Task objective
In the entries below, find the line with "9.45 ± 0.30 e |" and the line with "Sumptuous heavy ribbed"; copy them and every line between them exactly, but not the pictures.

Records provided
● ● ● ● ●

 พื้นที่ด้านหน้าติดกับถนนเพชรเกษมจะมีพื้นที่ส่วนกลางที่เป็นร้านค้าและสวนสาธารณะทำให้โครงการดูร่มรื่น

● ● ● ● ●

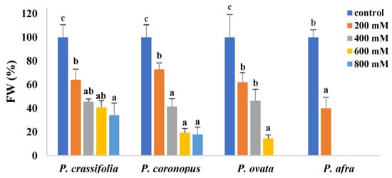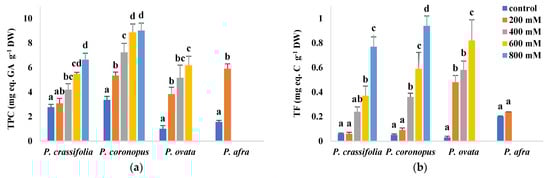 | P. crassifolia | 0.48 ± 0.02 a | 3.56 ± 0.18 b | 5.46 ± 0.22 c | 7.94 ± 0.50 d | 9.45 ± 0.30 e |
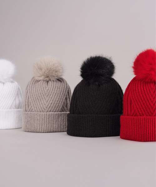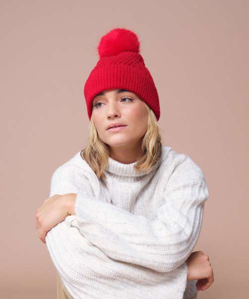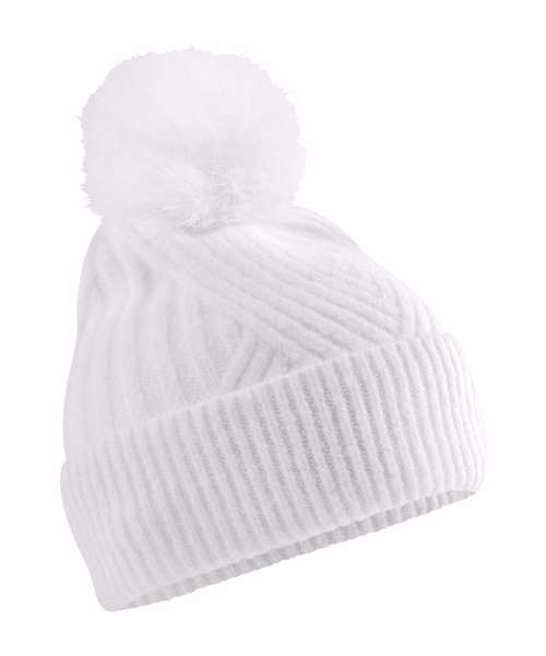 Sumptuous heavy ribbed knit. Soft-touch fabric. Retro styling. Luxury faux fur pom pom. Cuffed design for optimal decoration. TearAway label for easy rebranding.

● ● ● ● ●

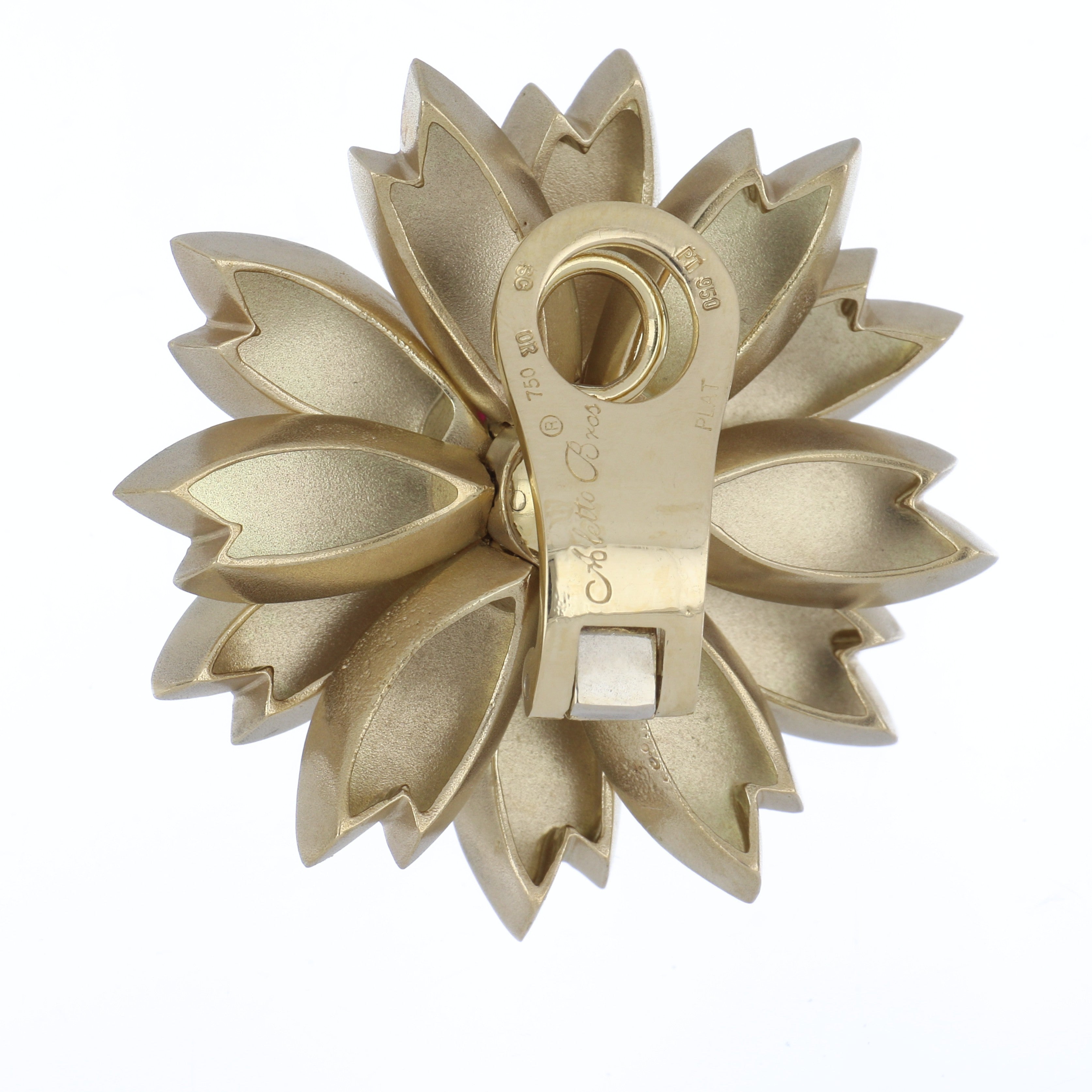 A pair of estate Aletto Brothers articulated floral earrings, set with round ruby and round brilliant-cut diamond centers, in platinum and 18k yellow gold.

● ● ● ● ●

Expected answer
 | P. crassifolia | 0.48 ± 0.02 a | 3.56 ± 0.18 b | 5.46 ± 0.22 c | 7.94 ± 0.50 d | 9.45 ± 0.30 e |
 Sumptuous heavy ribbed knit. Soft-touch fabric. Retro styling. Luxury faux fur pom pom. Cuffed design for optimal decoration. TearAway label for easy rebranding.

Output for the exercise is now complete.